One such identifier, he said, is the target's telephone number. "And
what you're looking for is a communication going to that telephone
number. So in comes a dialed number that's a different dialed number”
[the filter] ignores it, goes away until it hits on one. . . . All we're doing is
we're comparing the communications that are out there against a target
list, and if they don't hit, nothing ever happens to the ones that get
rejected. You don't see them, they don't get stored. . . . The stuff that
does hit goes to an analyst”maybe they're back here [NSA headquarters]
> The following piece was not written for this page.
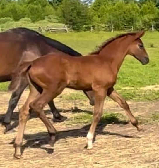 Silver Nova is a 2023 Irish Draught Sport Horse filly by Derryinver Luxury Cruise, out of 16.1hh Irish Draught Sport Horse mare Linwood (Lindy). Lindy is by Likoto out of Laughton Silver.
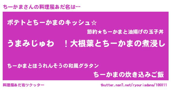 | 欧米人風あだ名 | 『ちーかまクリステル』 |

someplace”to look at it. ... Reality of life is that you're talking about a
small percentage of everything out there that even gets vacuumed. ... So
what I'm saying is that there's a first cut. You've got to decide where
you're going to vacuum."
Given this burgeoning increase in worldwide telecommunications now
confronting NSA, concern has been growing in Congress. Some believe
that NSA, through years of mismanagement, is depending far too heavily
on the old, reliable systems while failing to prepare for the tidal wave of
new technologies now beginning to crash down on the agency. Barbara
McNamara candidly agrees. "So far," she said, "the National Security
Agency is lagging behind."
High on NSA's worry list is the shift from microwave and satellite
communications”whose signals NSA was adept at capturing with its
eavesdropping satellites and ground-based stations”to buried fiber optic
cables. "Technology has now become a two-edged sword," said Hayden.
"On the dark days it has become the enemy."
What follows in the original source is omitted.